▸ **Description of the task**
Starting at the line that contains "成功接取到任务以后,您会获得", write out every line through the end of the records below exactly as it appears, and leave out all pictures.

■ ■ ■ ■ ■

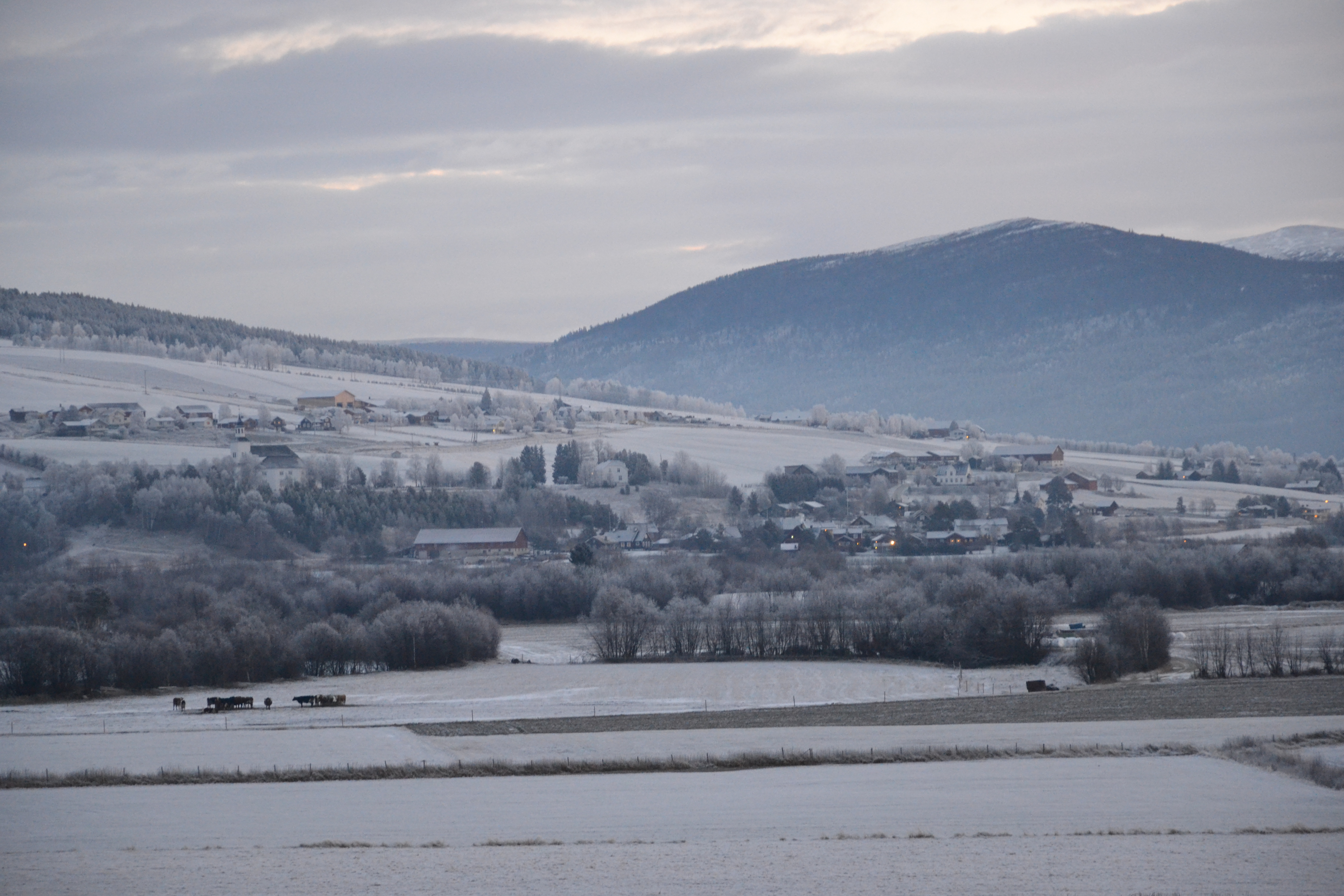 Bygda er grå, eller kanskje også litt blå denne kalde, tidlige novembermorgenen. Naboens kyr trives ute tross kulda og flokker seg på åkeren som de pleier
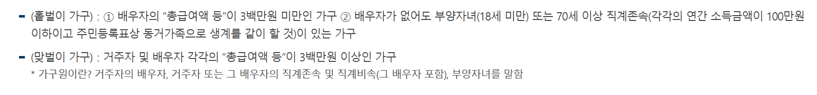 | 가구원 요건 | - 배우자의 “총급여액 등”이 3백만원 미만인 가구 - 배우자가 없어도 부양자녀(18세 미만) 또는 70세 이상 직계존속이 있는 가구 |
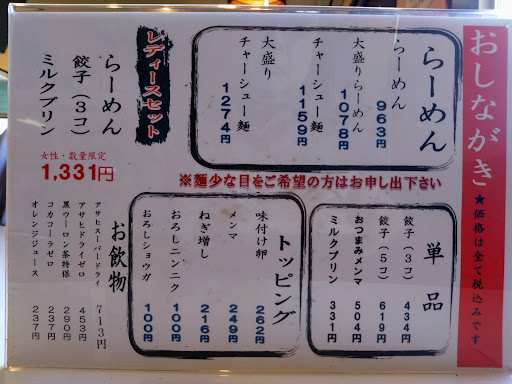 2025年3月上旬平日、ランチタイムに久々の訪問。遅めの時間だったため待たずに着席。限定のレディースセットを注文。ラーメンの量が通常より少なく餃子3個とミルクプリンのデザートがつく。お腹いっぱいになる量。デザートはおくちサッパ...
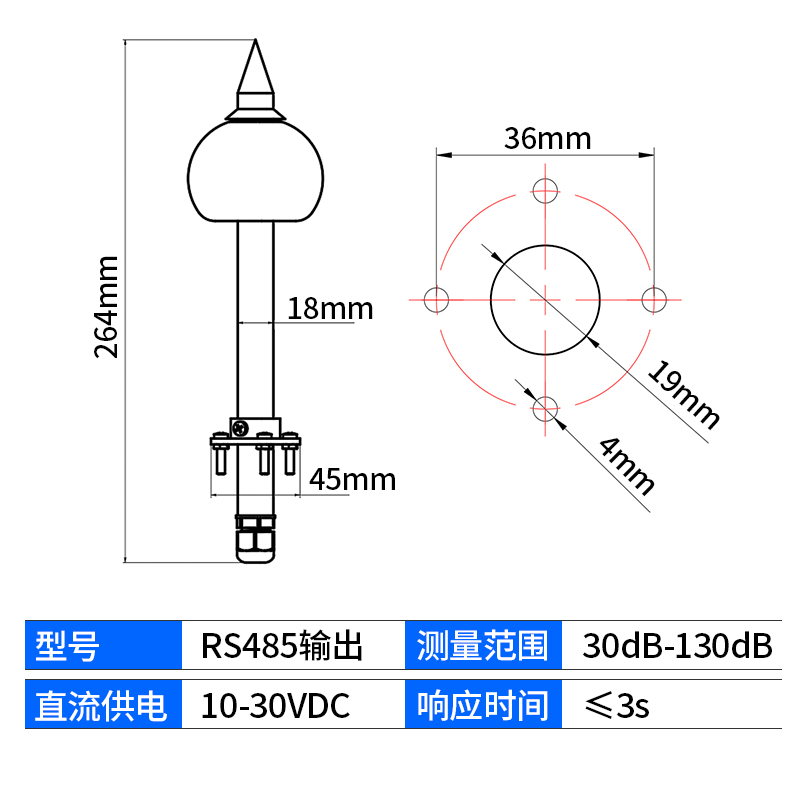 Long rod noise sensor 485 industrial high-precision decibel tester module noise detection transmitter
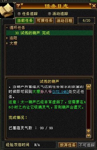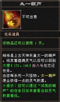 成功接取到任务以后,您会获得活动道具:太一葫芦。 每当您击杀一只和您等级相差不超过10级的怪物时,太一葫芦便会蓄蕴一点灵气。当葫芦蓄蕴的灵气点数达到任务需求的时候就可以回到大理(172,146)孙八爷处交还任务了。
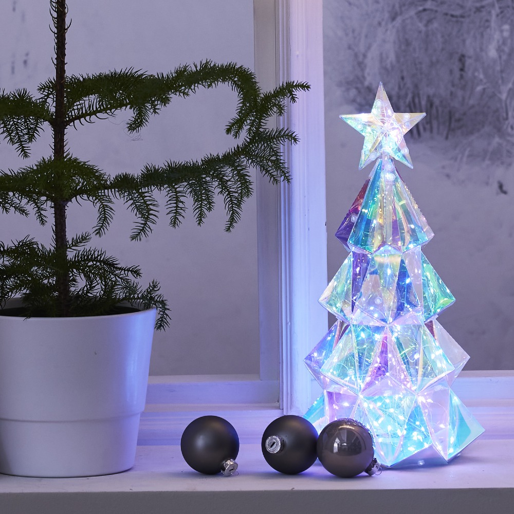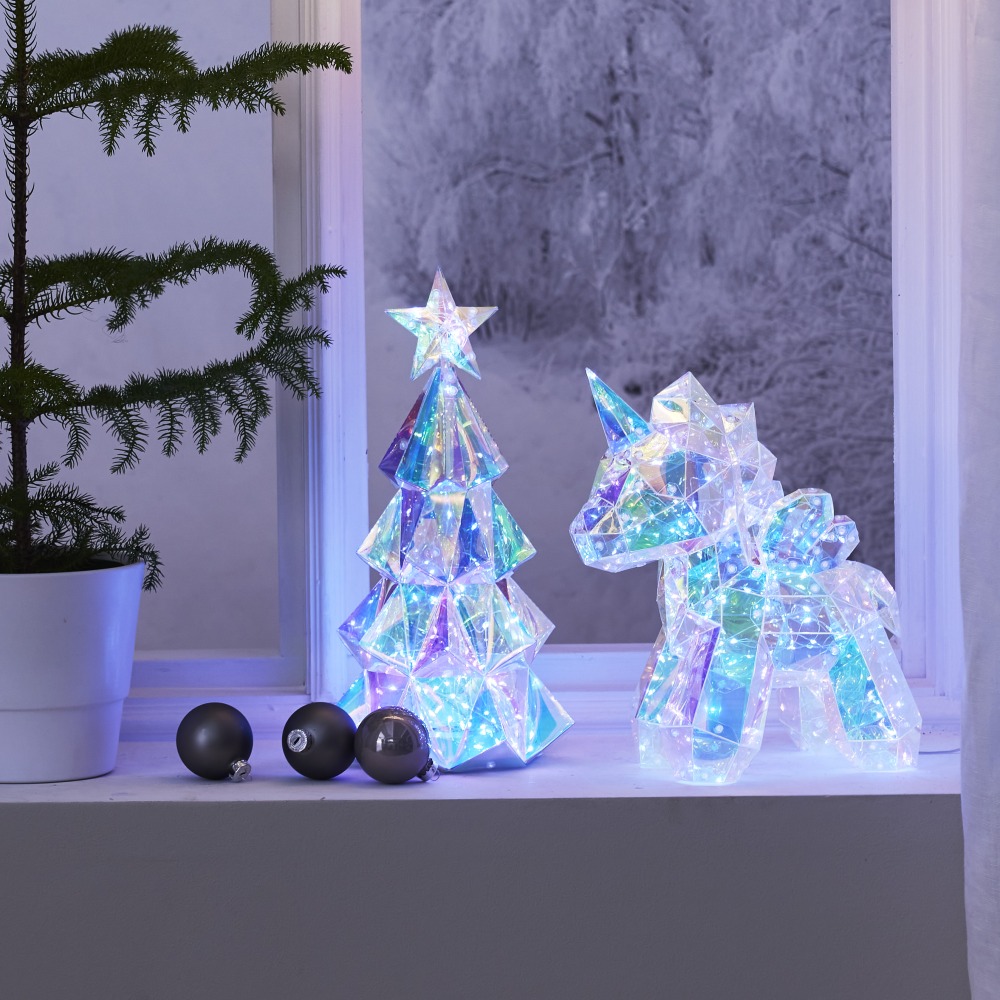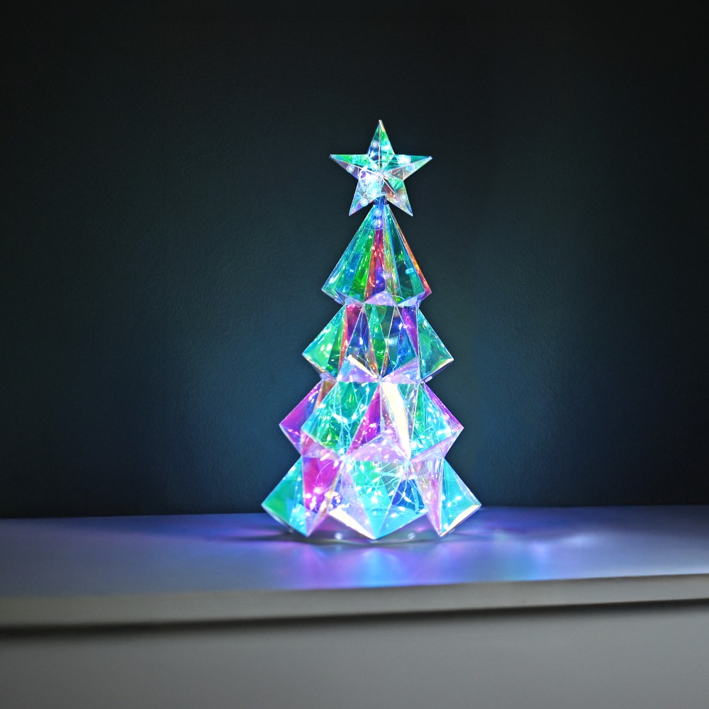 Choinka LED w tęczowych barwach to nowoczesna dekoracja świąteczna, która zachwyca blaskiem i kolorową poświatą. Jej geometryczna forma pięknie odbija światło, tworząc efekt mieniących się kryształów. Idealna do wnętrz, w których liczy się oryginalność i wyjątkowy klimat.

■ ■ ■ ■ ■

▸ **Task result**
 成功接取到任务以后,您会获得活动道具:太一葫芦。 每当您击杀一只和您等级相差不超过10级的怪物时,太一葫芦便会蓄蕴一点灵气。当葫芦蓄蕴的灵气点数达到任务需求的时候就可以回到大理(172,146)孙八爷处交还任务了。
 Choinka LED w tęczowych barwach to nowoczesna dekoracja świąteczna, która zachwyca blaskiem i kolorową poświatą. Jej geometryczna forma pięknie odbija światło, tworząc efekt mieniących się kryształów. Idealna do wnętrz, w których liczy się oryginalność i wyjątkowy klimat.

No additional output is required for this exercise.